Friday 31 July 2009

Plainsong - it gets everywhere

Someone on Holy Smoke had a link to this.


'UK music publisher Kevin Mayhew said his firm would be commissioning many new Masses, but said worshippers would take months to learn new settings, and felt sure that favourites such as the “Clap-Hands Gloria” and the “Israeli Mass” ( folks are still singing this and some people complain about the Missa de Angelis?)would remain in use. '

Course you you could just pick up the Gregorian Missal for Sundays and find all the words in there in a language not about to change.

6 comments:

Clare said...

What about the Peruvian Gloria? Don't tell me that has got the chop?

leutgeb said...

I think it did because it does not have all the words. Parallel triads. Bring em on. neo organum. It sounds like no Latin American msuci that I have ever heard.

What would be good would be to hear much more of the music written by indiginous Latin American composers in the decades immediately after Missionaries arrived. Lots of interesting stuff there.

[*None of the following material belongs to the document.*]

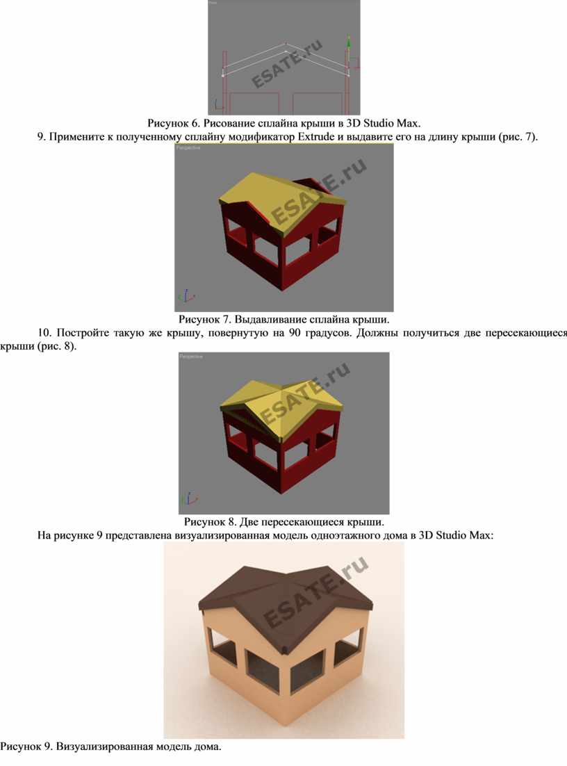 9. Примените к полученному сплайну модификатор Extrude и выдавите его на длину крыши (рис. 7).

I thought that their were rules such that you were not allowed to have the same music for various parts of the Mass, which would rule out certain compositions of the 1970s, but I'm no muso-liturgical expert.

Patricius said...

Kevin Mayhew calls these "favourites". Does he not know that people refer to the Clap Gloria by a slightly different name?

Anonymous said...

Oh, I remember the Peruvian Gloria!

Mercifully, though, I don't remember how it goes.

And yea, I'll still have a whinge about the English Mass every now and then. Just call me a totalitarian.

leutgeb said...

BBBB BBBB AAGA B E
Lots of Alleluia Amens at the end.

Doesn't sound like anything else Peruvian I've ever heard.

Where in Peru did it come from?

Clap Gloria by another name?

Patricius said...

Yes. Another, less complimentary name and not indicating applause.